Managing a fleet is expensive as it is but with new introductions such as green air zones and energy saving targets, fleet managers are facing even higher costs in future years. Therefore, businesses are constantly striving to find new ways to cut costs, manage their fleet effectively and increase productivity.
Luckily, there is some great technology and methods that fleet managers can now use to help reduce spending. We look at some of the ways you can cut your fleet costs and increase productivity, giving you a much better picture of the bottom line.
- Review the total cost of ownership
Often, when looking at purchasing new vehicles, businesses look at their purchase price or the tax P11D banding. However, to paint a bigger picture overall can help you cut costs in the long wrong with a vehicle.
Vehicles depreciate in value over time, so it is best to also take into consideration maintenance costs, fuel consumption, insurance and tax as well as the purchase price of the vehicle. This will all be dependent on the nature of your business and the vehicle’s you are looking at. Yet, it can help to cut costs in the long run, rather than buy in low and come across issues along the way.
- Leasing vs. buying
As mentioned previously, vehicles are a depreciating asset and so there are many things to consider when buying vehicles for your business. It may make more business sense to review a leasing option instead for your fleet. Newer leased vehicles are not only cheaper on tax but require a lot less maintenance.

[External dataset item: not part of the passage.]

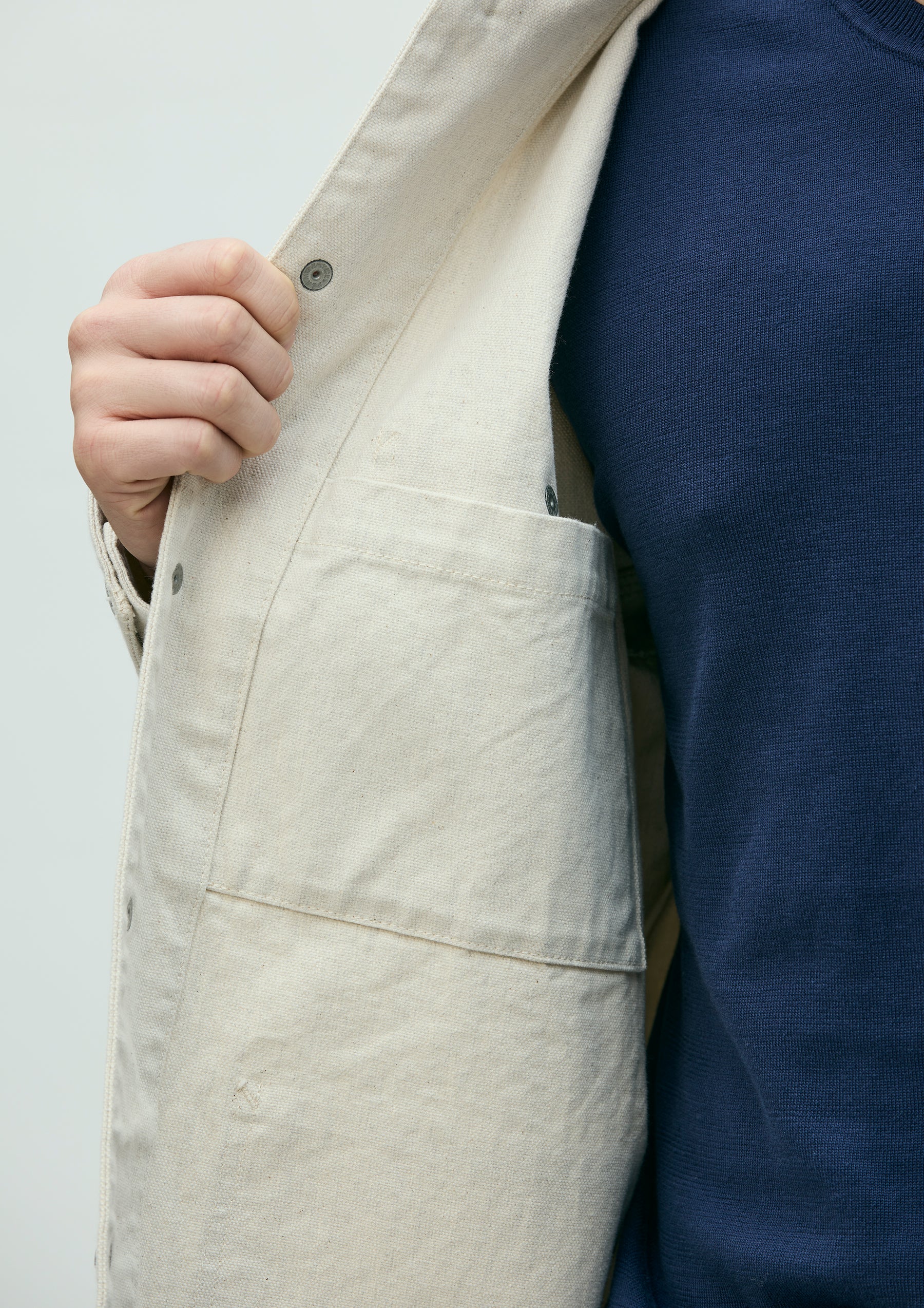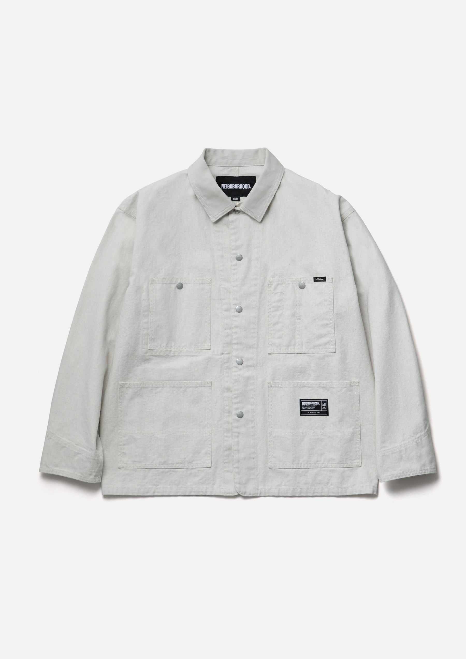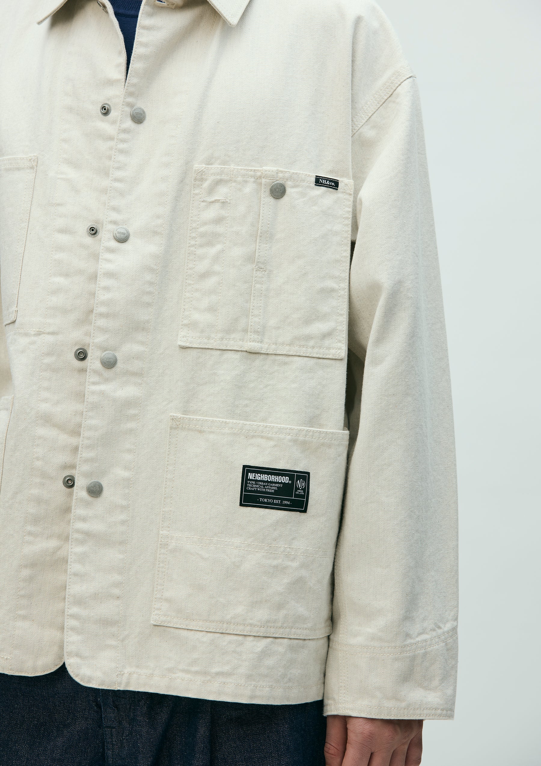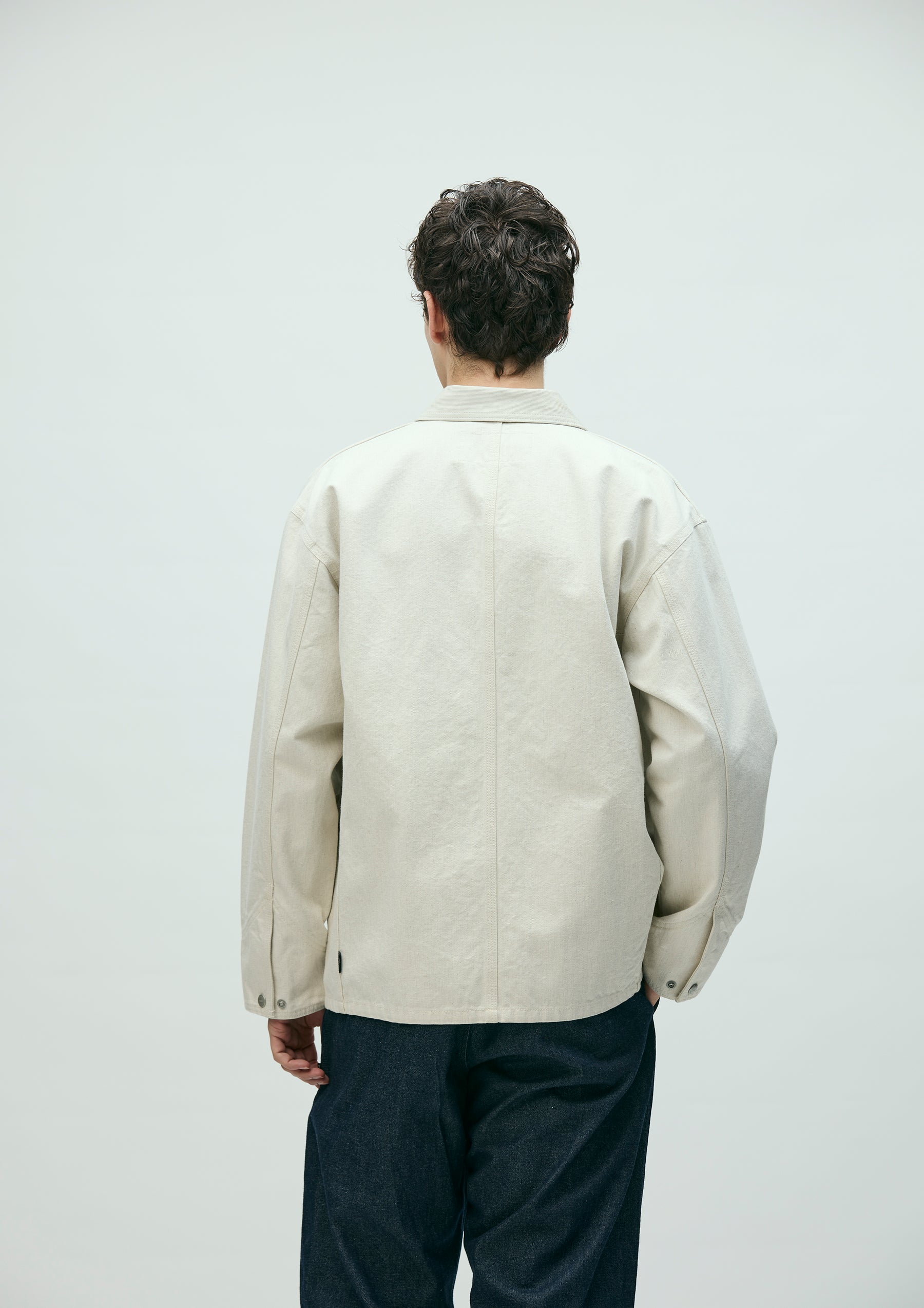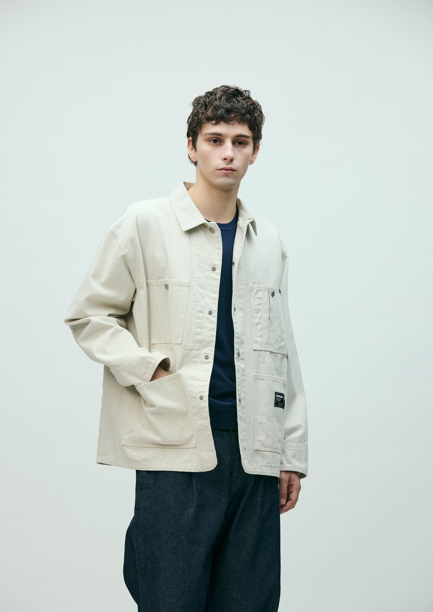 Coverall constructed from an oxford fabric body paired with a cotton piqué collar. Classic details include a pen slot and watch pocket at the chest, as well as triple-stitched flat-felled seams. Features original snap buttons, with a top metal button. A brand tag is attached to the pocket, and a woven side label is placed at the side seam. Finished with a one-wash process.
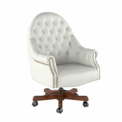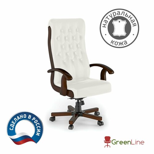 Компьютерное кресло руководителя базель, премиум, натуральная кожа, дерево, белое

You can make savings on better models, particularly eco-friendly vehicles. Not only that, but leasing can be a more attractive option when looking at cash flow. It’s always best to look into which option will suit you best and weigh up the costs on each side before going ahead.
- Proactive maintenance
Looking after your fleet can be important in reducing accidents and increasing employee safety. Ensuring your vehicles are properly maintained means that you can avoid accidents as well as costly repairs and recovery.
Reducing accidents removes disruption which can have a massive impact on profitability. What’s more, you also save huge amounts of money and time avoiding repairs, legal cases, personal injury claims, admin time and vehicle replacements. There’s some fantastic technology out there such as telematics that can help you to identify which vehicles within your fleet require maintenance and report it back to a central hub, so you always know which vehicles require what and when.
- Driver training
Telematics is also able to encourage better driving amongst your fleet. The system can record data on driver behaviour, fuel consumption and GPS tracking. The data is all recorded and stored in a central place so that it can be analysed by fleet managers.
This can be used within the business to encourage better driving and implement driver training. It can encourage new habits such as better use of gears and braking, sticking to speed limits and keeping up maintenance such as tyre pressure.
- Fleet insurance
As much as you can maintain your vehicles and encourage better driving amongst your fleet, you can’t always control road conditions or traffic. Therefore, by investing in a flexible fleet insurance policy, you can make sure you are covered in the event of accidents or major repairs.
Accidents can cause major costs to a fleet business, not just in terms of money but also time off the road, disruptions in productivity, extra admin work and, it can even damage relationships and reputation. Insurance can be a life saver, and with telematics technology you can easily cut insurance costs too as you can be more open with your insurance provider.
- Journey and route planning
Investing in technology such as GPS, IoT or telematics can help you to optimise routes for your fleet. Data can be collected and analysed in order to make improvements. This technology can help to reduce miles travelled, avoid traffic and reduce accident rates. It can also help to co-ordinate deliveries so that less journeys need to be made for different orders.
- Go electric
Investing in electric vehicles can help your business to save money. It has been said that introducing electric vehicles into your fleet can cut fuel costs by 75%. Electric vehicles aren’t always as affordable as other models, but it’s all about the total cost of ownership as we mentioned earlier. It’s also possible to lease out vehicles and pay less tax, so overall savings can be worth the initial investment.
There are plenty of ways fleets can cut their costs and keep improving their productivity. We recommend taking a little time to analyse your current costs and operations to find out what works best for you.